Since the '60s, "the society and the culture have moved to the left, almost consistently, over the years, and as a result, Americans who have traditional views on social values have become increasingly alienated and even angry," says Larry Sabato, a political scientist at the University of Virginia. "That has now fully manifested itself in our politics."

The starkest example of that is the swiftness with which the gay-marriage movement has been stopped in its tracks. Only a year after the Massachusetts high court legalized gay marriage, 13 states have passed initiatives banning the practice. Gay-rights activists are now operating cautiously, seeking to preserve gains, such as benefits for same-sex couples, rather than push for new ones.

But for most politicians in most states, same-sex marriage is an easy issue; nationally, a clear majority opposes it - a consensus that goes well beyond the conservative religious community.

Other items on the religious-conservative agenda aren't so clearly in sync with mainstream opinion, including opposition to abortion rights. Though many Americans are uncomfortable with abortion, most oppose overturning Roe v. Wade, the 1973 Supreme Court ruling that legalized it nationwide. In the 2004 election exit poll by a consortium of media, only 16 percent of voters said they oppose abortion in all circumstances, a figure that has largely held steady since the 1970s.

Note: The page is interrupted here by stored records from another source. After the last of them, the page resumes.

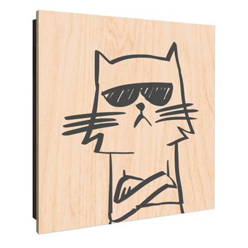 Schlüsselkasten mit Holzfront - Design Schlüsselbox Motiv Coole Katze
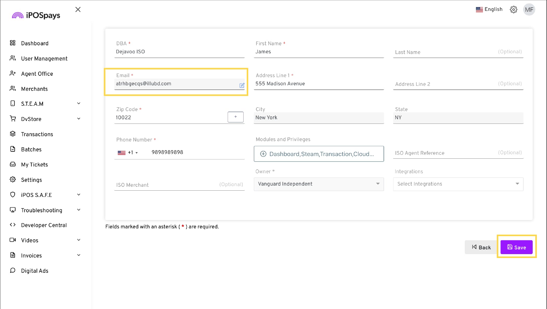 Enter the merchant’s email address and phone number.
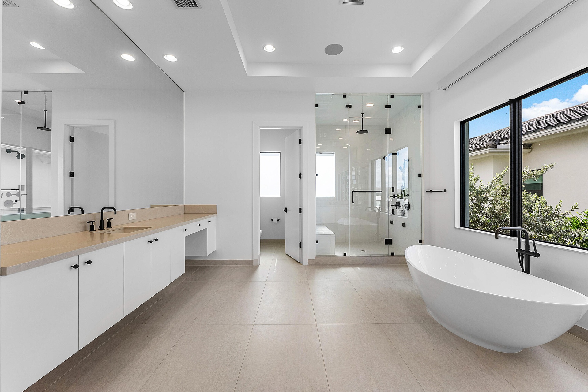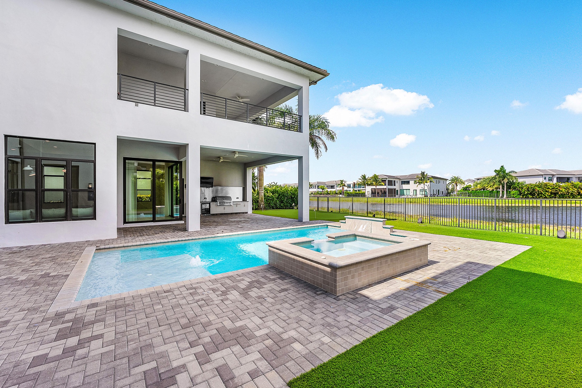A Masterpiece in the Estate Section of Boca Bridges' Most Coveted Lakefront Boca Bridges -- complete with lavish amenities and elite security -- provides the prestigious backdrop for this meticulously customized Vanderbilt Grande Contemporary. Perfectly positioned on a sprawling, premier long-lake lot, this estate captures breathtaking sunset views and delivers inviting resort-style allure to the luxury residential experience. Spanning over 11,000 total square feet with 8,179 square feet of living space, the exquisitely designed layout offers six ensuite bedrooms, a powder room, a cabana bath, a warm and inviting family room, a loft with private balcony, and a 4-car garage. Inside, striking design elements include a glass-railed staircase, designer millwork, and a sleek gas fireplace
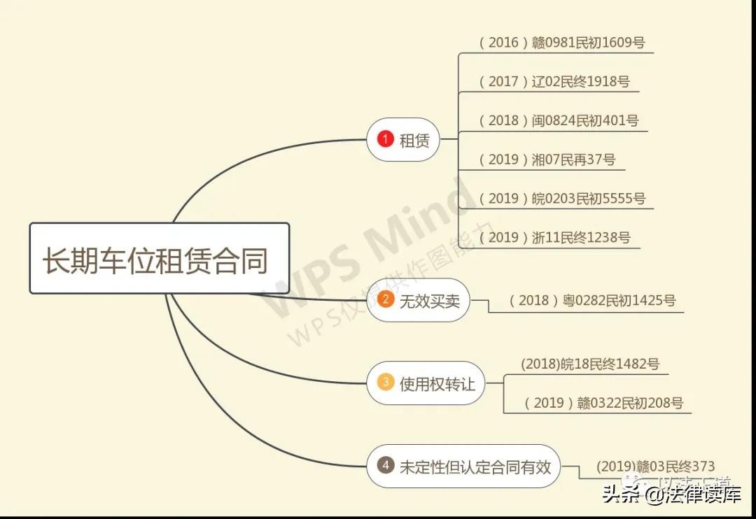 对于《车位租赁合同》,虽然多数裁判将其性质认定为“租赁”,但还是有个别法院判决将其性质认定为“使用权转让”(关于该类合同的裁判定性,见下图)。
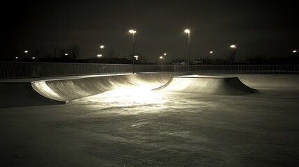 stock photo of Modern outdoor skatepark structure with smooth surfaces
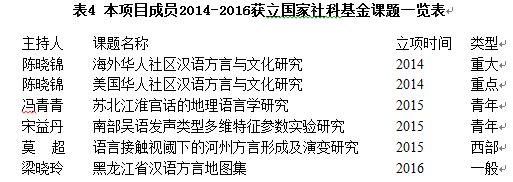 2014年該組成員獲得國家社科基金課題2項(xiàng)(重大與重點(diǎn)各一):海外華人社區(qū)漢語方言與文化研究(重大)、美國華人社區(qū)漢語方言與文化研究(重點(diǎn))。
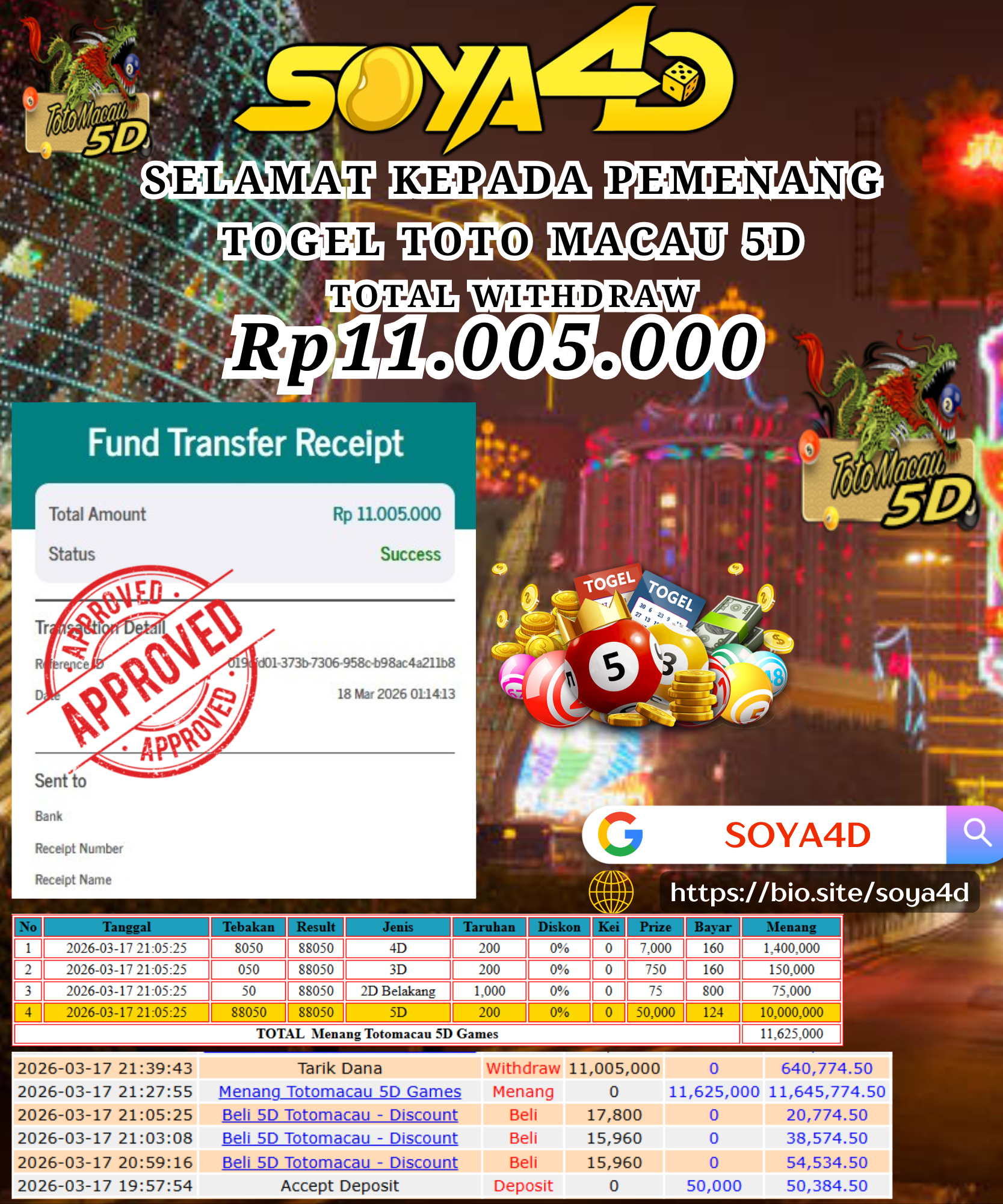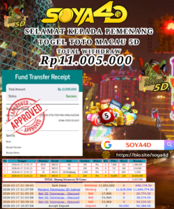 Selamat kepada Userid : KON***** Telah berhasil mendapatkan kemenangan besar pada permainan TOGEL TOTOMACAU 5D Dengan kemenangan Sebesar Rp. 11.005.000.-. Setelah mengisi formulir withdraw dengan kurang waktu hanya 1 – 10 menit pihak SOYA4D  sudah melakukan transfer kepada pemilik user id. Dan dana sudah masuk ke rekening id tersebut oleh pemenang. Bukti pembayaran yang kami berikan merupakan bukti pembayaran yang SAH / VALID yang langsung di dapatkan melalui tanda transfer transaksi berhasil dari Bank yang di tuju. Kami juga mengucapakan banyak Terima Kasih Kepada pemenang karena sudah mempercayakan kami sebagai Bandar Tepercaya yang membayar semua kemenangan member hingga lunas.

Even among social conservatives, the agenda is not monolithic. Several Republican senators who oppose abortion rights - including Orrin Hatch of Utah, Kay Bailey Hutchison of Texas, and John McCain of Arizona - support expanded federal funding of embryonic stem cell research, in opposition to the president and the leadership of the religious right.

And remember that 16 percent of voters who oppose all abortions? Of those, 22 percent voted for John Kerry.

Within scholarly circles, there's even a debate over whether a culture war exists in America at all. Morris Fiorina of the Hoover Institution argues in a new book that while the political parties and pundits present a nation riven by a deep ideological divide, most people hold moderate views on even the stickiest social issues.

Measured gains for the religious right

But even if most Americans are moderates, it's the so-called religious right - a highly motivated coalition of Evangelical Protestants, conservative Catholics, and Orthodox Jews - that is feeling the momentum.

Seat by seat, since the late 1980s, the movement has elected dozens of members to Congress and developed organizational talent now in the forefront of the Republican Party, such as Ralph Reed, the former Christian Coalition wunderkind who oversaw Bush's Southern campaign in 2004, including the race in Florida.

Of all the factions in the Republicans' winning coalition, religious conservatives were the most organized and energized. In many instances, grassroots efforts by churches to work for Bush's reelection were already up and running before the Bush campaign came to town.